Если уж быть откровенной до конца, то она с большим удовольствием пообедала бы дома наедине с мужем.
Ей так нравилось сидеть напротив него в маленькой, уютной столовой, где одни слуги обмахивают тебя опахалами, а другие, в белых одеждах, с разноцветными тюрбанами на головах, прислуживают тебе за столом.
Ей нравилось слушать рассказы Кельвина о том, что он сделал со дня их приезда в Бомбей. Она знала, что он охотно ответит на все ее вопросы об Индии и о народах, населяющих ее.
И тем не менее Серафина понимала, что должна познакомиться с его друзьями и попытаться полюбить их.
Она была уверена, что он чувствует себя не в своей тарелке, с тех пор как стал жить семейной жизнью, а не привычной, холостяцкой, в своем родном полку.
«Должно быть, он скучает по своим товарищам», — размышляла Серафина, понимая, что не в силах их ему заменить.
Жизнь Кельвина после женитьбы круто переменилась. Интересно, что он сам думает по этому поводу? И какие чувства испытывает по отношению к ней, Серафине?
Какое же ей надеть платье сегодня вечером?
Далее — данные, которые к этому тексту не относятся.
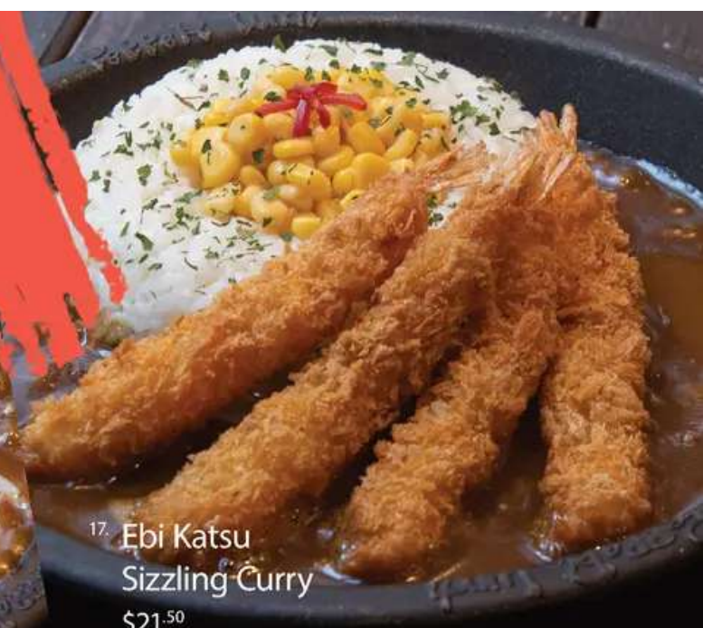
17. Ebi Katsu Sizzling Curry $21 .50
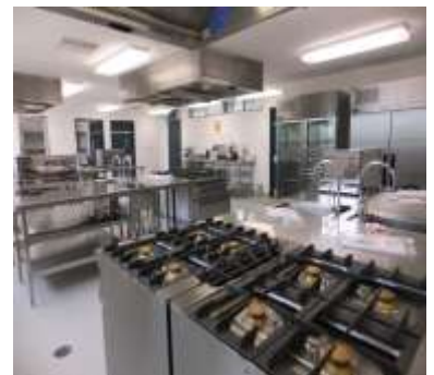
Trade Centre New Kitchen

Поскольку им предстоит встреча с губернатором, наверняка Кельвин захочет, чтобы жена его выглядела как можно лучше.
И она решила сказать Марте, чтобы та приготовила для нее кое-что из драгоценностей.
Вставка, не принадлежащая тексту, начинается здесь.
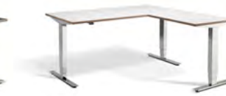
WHITE PLY EDGE Chrome Frame

1600x1600: CRMC/16001600GRA/PE 1800x1600: CRMC/18001800GRA/PE
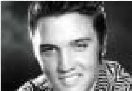
Elvis Presley, Apprentice Electrician
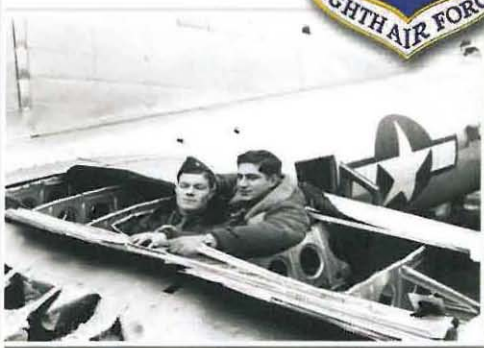
Inspecting the damage after their last mission

Перед их отъездом из Англии сэр Эразм подарил Серафине не только украшения, которые носила ее мать, но и в качестве свадебного подарка бриллиантовое ожерелье, а также браслеты и тиару, в которой Серафина и венчалась.
В глубине души она считала их несколько крикливыми. С большим удовольствием она надела бы две ниточки жемчуга — любимое мамино украшение.
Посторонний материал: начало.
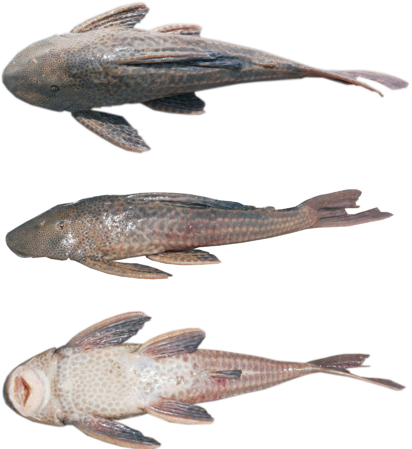
FIGURE 2. Dorsal, lateral and ventral views of a live specimen of Hypostomus aspilogaster collected in the stream Mandisoví Grande, Entre Ríos province, Argentina. ILPLA 2156, (YC09-090), 285.2 mm SL.

An analysis which makes up molecular, morphometric and meristic data represents an invaluable tool for clarifying the systematics of complex groups on which, at the moment, we do not have complete knowledge. As an outcome of this integrated analysis, we allow to extend the distribution of H. aspilogaster in the Neotropical Region and present the first record of this species in Argentina.
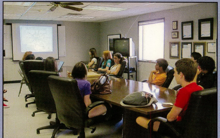
Students from Clear Lake High School review plant operations at the 40-Acre Facility
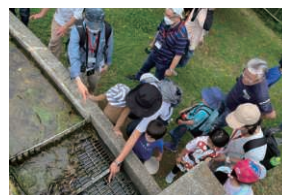
Observing living creatures

paths they usually walk casually, and that it was very interesting to learn more about the plants they are familiar with.
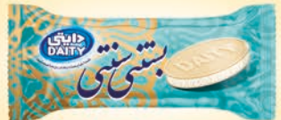
SAN 106 Traditional Vanilla Wafer ice cream
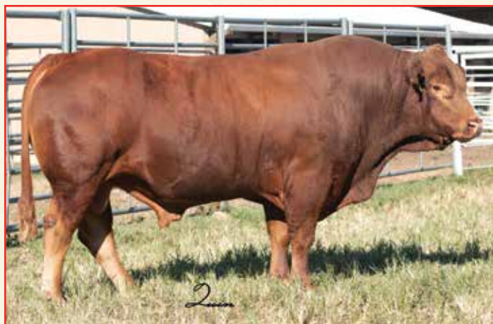
AR EXPRESS CARD 7129E • Sire of Lots 68 & 69

AR Hot Milly is a double polled Fullblood from our resident herd sire, AR Express Card, a Zillion son who carries on the powerful heritage of his sire. Her dam, AR Yilly Milly, a fantastic producing female who goes back to the McKown cow, MK Kathleen, a cornerstone in our herd. Maternal sisters sell as Lot 58 and 61. Sells open.
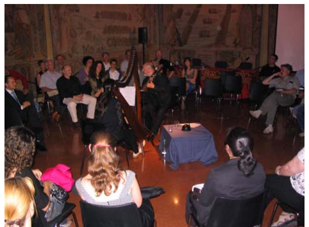
Evening concert at the Palazzo del Principe

The presentations given at the training course will be made available on the MINET website soon. To gain access you must be registered as a member of the e-MINET network.

Но Серафина тут же отбросила эту мысль. Во-первых, Кельвин должен гордиться своей женой, следовательно, она просто обязана хорошо выглядеть, а во-вторых, это ее первое появление в Бомбее на людях, и все будут с любопытством разглядывать ее. Значит, нужно будет надеть что-то эффектное.
Когда наконец Серафина оделась и Марта сделала ей самую модную прическу, она, немного смущаясь, вошла в гостиную, где ее уже ждал муж.
Комната была вся заставлена цветами, большинство из которых были подарены раджматой и были редчайшей красоты.
Все окна, выходившие на веранду, были открыты. За ними виднелся сад, где росно много необыкновенных цветов, и вдалеке синело море.
Зрелище было настолько захватывающее, что Серафина на секунду застыла в дверях, не в силах оторвать от него взгляд.
Кельвин Уорд стоял к ней спиной и смотрел на залив, однако Серафине показалось, что он его не видит.
У нее было такое чувство, что мысли его где-то далеко-далеко, там, где для нее нет места.
Внезапно ее охватил страх.
Какое значение имеют одежда. Украшения, если он так далек от нее? Она совсем чужая в этой чужой стране…
Словно прочитав ее мысли, Кельвин Уорд обернулся и, увидев жену, улыбнулся.
— Вы готовы? — спросил он. — Я уж хотел идти к вам, ведь нам пора уезжать.
— Как… я выгляжу? — робко спросила она.
Глаза ее с тревогой смотрели на мужа.
Платье ее было настолько красиво, что произвело бы неизгладимое впечатление на кого угодно. Марта настояла, чтобы Серафина надела белое платье, поскольку в свой первый выезд в свет новобрачная должна быть именно в белом.
Юбка впереди плотно облегала стан, а сзади состояла как бы из многочисленных ярусов, и каждый ярус был отделан плиссировкой и украшен кружевом и атласными бантами. Когда Серафина шла, казалось, что за ней тянется пышное облако.
Чтобы скрыть шрамы на руках, Серафина надела мягкие белые кружевные перчатки, а на запястья — бриллиантовые браслеты.
Бриллиантовое ожерелье, казавшееся на ее тоненькой шее чересчур массивным, в то же время подчеркивало, насколько молода и не уверена в себе его владелица.
Серафина была очаровательна, и Кельвин Уорд глядя на нее, размышлял о том, что женщины, без сомнения, будут восхищены ее великолепным туалетом, а мужчинам непременно захочется сделать что-то такое, от чего исчезнет тревога из ее огромных глаз, а на губах заиграет счастливая улыбка.
— Вы похожи на принцессу из сказки, — проговорил он своим низким голосом и увидел, что от этих слов глаза Серафины радостно заблестели.
— Вам не кажется… что бриллиантов… слишком много? — спросила она. — Марта заставила меня их надеть.